Each line starting at the one that contains "САХАРНАЯ ПУДРА ДЛЯ" and ending at the one that contains "Superga Womens Size" must be returned exactly, and the rest of the listing is left out.

**Available data:**
= = = = = = =

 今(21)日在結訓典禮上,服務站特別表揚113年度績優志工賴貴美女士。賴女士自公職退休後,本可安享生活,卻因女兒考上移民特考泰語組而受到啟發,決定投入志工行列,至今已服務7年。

= = = = = = =

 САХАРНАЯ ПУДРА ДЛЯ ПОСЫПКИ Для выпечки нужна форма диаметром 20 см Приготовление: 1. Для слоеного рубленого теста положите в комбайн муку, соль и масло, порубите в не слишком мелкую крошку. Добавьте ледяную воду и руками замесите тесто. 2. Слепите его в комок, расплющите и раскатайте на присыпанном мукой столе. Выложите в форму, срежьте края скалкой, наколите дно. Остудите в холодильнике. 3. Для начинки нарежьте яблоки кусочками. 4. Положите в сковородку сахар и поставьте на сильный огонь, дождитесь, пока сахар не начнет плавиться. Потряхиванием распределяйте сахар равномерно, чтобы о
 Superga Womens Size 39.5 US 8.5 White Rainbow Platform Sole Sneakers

= = = = = = =

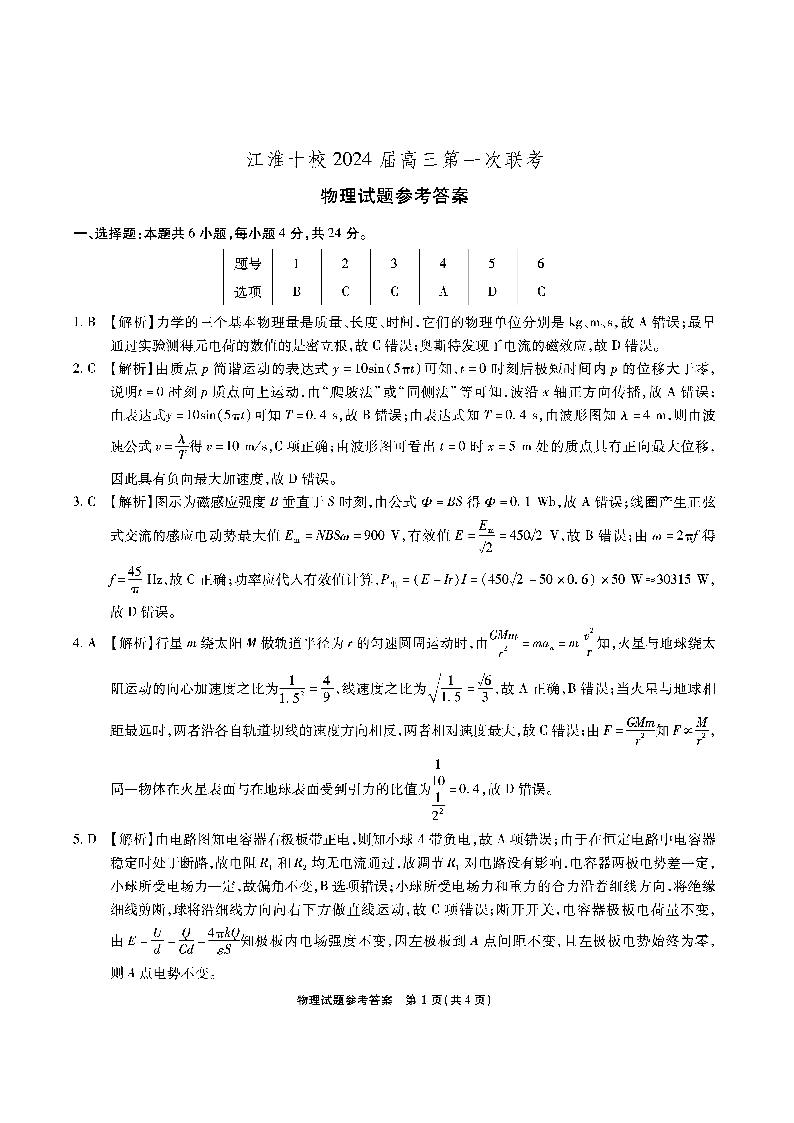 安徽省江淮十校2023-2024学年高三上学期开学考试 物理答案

= = = = = = =

**Reply to the task:**
 САХАРНАЯ ПУДРА ДЛЯ ПОСЫПКИ Для выпечки нужна форма диаметром 20 см Приготовление: 1. Для слоеного рубленого теста положите в комбайн муку, соль и масло, порубите в не слишком мелкую крошку. Добавьте ледяную воду и руками замесите тесто. 2. Слепите его в комок, расплющите и раскатайте на присыпанном мукой столе. Выложите в форму, срежьте края скалкой, наколите дно. Остудите в холодильнике. 3. Для начинки нарежьте яблоки кусочками. 4. Положите в сковородку сахар и поставьте на сильный огонь, дождитесь, пока сахар не начнет плавиться. Потряхиванием распределяйте сахар равномерно, чтобы о
 Superga Womens Size 39.5 US 8.5 White Rainbow Platform Sole Sneakers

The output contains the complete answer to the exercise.